Member of the Congress of Baja California Sur from the 14th district
- In office 15 March 2002 – 14 March 2005
- Preceded by: Pedro Graciano Osuna López
- Succeeded by: Carolina Madrigal Higuera

Personal details
- Born: August 1951 San Marcos, Baja California Sur, Mexico
- Died: 2018 (aged 66–67) Guerrero Negro, Baja California Sur, Mexico
- Party: PRI
- Spouse: Rosa Isela Ramírez Villegas

= Rodolfo Garayzar Anaya =

Mexican politician

Rodolfo Garayzar Anaya (August 1951 – 2018) was a Mexican politician and trade unionist. He served in the X Legislature of the Congress of Baja California Sur from 2002 to 2005 as a member of the Institutional Revolutionary Party (PRI).

==Biography==
Garayzar was born in San Marcos, Baja California Sur in August 1951. He worked for Exportadora de Sal S.A. (ESSA), a salt production company headquartered in the nearby town of Guerrero Negro, and rose the ranks of the ESSA workers' union, the Sindicato Salinero, which formed a part of the Confederación Revolucionaria de Obreros y Campesinos (CROC). Garayzar reached the position of union leader and was well-respected for his defense of workers' rights. Garayzar served in the role from 1997 to 1999.

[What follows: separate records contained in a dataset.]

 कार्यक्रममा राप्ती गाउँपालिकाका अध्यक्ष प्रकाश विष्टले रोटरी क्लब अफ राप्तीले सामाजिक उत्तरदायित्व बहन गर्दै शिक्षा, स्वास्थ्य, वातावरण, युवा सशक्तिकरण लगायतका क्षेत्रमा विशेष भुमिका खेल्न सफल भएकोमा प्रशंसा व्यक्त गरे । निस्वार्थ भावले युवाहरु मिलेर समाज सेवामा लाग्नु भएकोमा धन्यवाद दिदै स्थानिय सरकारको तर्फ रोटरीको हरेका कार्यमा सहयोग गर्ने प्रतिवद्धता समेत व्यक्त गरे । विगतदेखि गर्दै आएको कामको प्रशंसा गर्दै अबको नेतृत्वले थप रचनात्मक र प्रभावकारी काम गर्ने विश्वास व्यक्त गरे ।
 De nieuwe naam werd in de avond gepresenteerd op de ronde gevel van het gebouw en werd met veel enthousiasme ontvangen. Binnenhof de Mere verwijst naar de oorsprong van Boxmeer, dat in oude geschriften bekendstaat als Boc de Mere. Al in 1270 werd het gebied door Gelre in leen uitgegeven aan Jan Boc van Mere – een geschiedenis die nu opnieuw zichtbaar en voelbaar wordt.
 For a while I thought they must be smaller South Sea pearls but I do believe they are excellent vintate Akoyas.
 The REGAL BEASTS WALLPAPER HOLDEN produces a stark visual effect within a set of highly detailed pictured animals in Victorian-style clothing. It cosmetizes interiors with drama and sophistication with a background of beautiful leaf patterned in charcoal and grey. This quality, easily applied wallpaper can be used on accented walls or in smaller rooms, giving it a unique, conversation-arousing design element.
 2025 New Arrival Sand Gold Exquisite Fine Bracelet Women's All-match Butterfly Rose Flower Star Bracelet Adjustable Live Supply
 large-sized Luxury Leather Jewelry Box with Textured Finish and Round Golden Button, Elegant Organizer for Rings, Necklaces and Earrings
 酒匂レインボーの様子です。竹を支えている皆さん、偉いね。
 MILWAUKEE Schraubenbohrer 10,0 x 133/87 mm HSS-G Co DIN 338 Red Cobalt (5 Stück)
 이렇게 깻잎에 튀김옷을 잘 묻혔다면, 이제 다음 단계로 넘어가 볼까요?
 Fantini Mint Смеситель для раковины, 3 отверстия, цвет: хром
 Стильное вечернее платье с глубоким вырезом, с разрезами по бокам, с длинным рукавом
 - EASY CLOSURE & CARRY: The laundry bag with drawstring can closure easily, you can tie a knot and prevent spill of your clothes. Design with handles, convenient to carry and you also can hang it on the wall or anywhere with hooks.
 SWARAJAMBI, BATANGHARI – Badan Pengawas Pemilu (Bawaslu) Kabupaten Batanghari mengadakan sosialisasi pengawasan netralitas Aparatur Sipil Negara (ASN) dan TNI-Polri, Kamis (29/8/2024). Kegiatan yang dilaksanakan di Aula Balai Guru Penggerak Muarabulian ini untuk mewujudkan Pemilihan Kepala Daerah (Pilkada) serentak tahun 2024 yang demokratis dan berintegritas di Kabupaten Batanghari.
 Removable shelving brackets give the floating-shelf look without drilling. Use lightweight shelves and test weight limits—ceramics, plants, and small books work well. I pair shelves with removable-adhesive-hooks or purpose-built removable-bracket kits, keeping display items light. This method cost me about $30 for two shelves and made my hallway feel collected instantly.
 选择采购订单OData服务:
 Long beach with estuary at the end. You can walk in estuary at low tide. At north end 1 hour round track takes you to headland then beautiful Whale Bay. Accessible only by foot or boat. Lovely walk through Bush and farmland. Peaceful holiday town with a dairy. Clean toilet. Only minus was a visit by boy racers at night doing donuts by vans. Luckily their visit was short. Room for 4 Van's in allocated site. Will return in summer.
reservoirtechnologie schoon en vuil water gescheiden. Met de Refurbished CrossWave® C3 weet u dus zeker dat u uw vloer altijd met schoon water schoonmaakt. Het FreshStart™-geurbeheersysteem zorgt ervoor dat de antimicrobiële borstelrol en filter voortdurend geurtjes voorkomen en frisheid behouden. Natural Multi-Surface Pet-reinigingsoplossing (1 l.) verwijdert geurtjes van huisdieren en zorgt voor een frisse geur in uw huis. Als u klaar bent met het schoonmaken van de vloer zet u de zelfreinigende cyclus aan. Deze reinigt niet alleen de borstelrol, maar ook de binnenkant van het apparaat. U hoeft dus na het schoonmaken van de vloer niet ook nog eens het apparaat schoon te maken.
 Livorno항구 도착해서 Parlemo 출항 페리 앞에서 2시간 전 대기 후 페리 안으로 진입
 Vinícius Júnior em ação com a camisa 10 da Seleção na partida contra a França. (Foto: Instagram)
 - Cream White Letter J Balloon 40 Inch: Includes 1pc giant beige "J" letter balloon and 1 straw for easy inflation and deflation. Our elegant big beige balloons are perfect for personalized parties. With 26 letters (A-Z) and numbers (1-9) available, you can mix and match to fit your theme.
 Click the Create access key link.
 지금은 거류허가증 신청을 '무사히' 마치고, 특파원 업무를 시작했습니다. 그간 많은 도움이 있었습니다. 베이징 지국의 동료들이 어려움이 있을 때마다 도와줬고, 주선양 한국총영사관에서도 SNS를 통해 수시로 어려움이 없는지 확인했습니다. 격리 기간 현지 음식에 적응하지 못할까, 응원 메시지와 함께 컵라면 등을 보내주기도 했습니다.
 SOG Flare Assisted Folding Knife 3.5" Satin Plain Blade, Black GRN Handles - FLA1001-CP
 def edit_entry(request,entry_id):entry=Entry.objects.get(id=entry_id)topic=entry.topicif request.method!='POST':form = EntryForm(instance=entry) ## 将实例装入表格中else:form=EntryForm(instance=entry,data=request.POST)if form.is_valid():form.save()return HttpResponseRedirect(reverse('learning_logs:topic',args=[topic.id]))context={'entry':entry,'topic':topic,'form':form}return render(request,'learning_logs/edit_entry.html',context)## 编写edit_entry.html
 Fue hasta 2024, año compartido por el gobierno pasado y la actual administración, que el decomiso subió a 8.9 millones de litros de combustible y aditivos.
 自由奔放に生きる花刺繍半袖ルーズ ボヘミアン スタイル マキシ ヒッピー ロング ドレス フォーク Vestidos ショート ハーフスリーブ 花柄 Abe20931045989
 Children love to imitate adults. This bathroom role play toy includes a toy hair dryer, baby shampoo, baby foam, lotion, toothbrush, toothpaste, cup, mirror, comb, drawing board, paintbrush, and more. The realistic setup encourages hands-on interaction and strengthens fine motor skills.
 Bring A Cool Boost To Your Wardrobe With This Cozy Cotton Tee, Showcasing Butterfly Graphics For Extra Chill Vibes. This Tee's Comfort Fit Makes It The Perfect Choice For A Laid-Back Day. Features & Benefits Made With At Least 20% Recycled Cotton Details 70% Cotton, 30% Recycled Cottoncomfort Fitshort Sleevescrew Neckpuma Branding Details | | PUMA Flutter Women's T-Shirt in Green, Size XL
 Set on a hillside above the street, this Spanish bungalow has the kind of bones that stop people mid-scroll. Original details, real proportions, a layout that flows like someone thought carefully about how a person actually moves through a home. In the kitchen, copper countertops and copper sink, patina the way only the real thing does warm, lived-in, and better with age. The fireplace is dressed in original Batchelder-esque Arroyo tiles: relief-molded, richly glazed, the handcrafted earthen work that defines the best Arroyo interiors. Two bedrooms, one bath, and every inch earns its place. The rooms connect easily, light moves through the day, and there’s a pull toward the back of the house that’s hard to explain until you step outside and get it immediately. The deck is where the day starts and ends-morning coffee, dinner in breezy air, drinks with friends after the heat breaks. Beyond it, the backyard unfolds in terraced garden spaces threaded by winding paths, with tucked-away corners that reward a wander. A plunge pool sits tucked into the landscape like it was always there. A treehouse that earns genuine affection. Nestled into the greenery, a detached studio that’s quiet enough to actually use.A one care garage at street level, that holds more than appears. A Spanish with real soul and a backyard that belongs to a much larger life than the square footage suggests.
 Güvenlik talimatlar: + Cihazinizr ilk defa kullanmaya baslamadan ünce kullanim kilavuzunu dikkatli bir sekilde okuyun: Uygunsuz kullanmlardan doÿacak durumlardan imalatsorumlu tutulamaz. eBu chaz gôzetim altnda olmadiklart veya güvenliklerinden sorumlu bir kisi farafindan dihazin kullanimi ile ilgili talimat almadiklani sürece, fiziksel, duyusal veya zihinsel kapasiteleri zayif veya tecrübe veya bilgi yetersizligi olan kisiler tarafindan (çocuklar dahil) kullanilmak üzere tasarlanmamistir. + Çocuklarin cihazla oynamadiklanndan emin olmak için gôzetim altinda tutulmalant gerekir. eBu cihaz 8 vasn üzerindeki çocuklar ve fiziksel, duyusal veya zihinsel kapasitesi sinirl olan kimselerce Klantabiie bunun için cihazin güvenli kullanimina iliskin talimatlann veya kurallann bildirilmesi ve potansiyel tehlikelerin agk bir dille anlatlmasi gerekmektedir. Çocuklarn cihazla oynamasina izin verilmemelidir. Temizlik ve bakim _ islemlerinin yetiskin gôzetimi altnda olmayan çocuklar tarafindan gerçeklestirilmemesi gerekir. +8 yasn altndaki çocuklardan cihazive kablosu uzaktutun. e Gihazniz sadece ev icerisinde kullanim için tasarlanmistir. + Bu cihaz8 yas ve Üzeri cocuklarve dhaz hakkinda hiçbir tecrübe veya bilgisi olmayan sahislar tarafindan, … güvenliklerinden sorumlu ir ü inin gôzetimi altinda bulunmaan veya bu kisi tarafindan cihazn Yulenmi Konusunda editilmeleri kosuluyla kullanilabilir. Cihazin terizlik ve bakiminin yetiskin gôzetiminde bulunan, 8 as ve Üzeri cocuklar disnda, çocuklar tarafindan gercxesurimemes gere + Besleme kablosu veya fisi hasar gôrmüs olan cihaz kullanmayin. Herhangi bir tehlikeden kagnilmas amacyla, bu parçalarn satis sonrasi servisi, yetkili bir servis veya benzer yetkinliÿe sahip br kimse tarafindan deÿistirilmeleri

In the 2002 elections, Garayzar won a seat representing the 14th district in the X Legislature of the Congress of Baja California Sur as a member of the Institutional Revolutionary Party (PRI). He served his full three-year term in the state congress.

Garayzar died in Guerrero Negro in late 2018; he was survived by his wife, Rosa Isela, as well as his daughter, Beatriz. Garayzar was honored at a session of the state congress a few days afterward.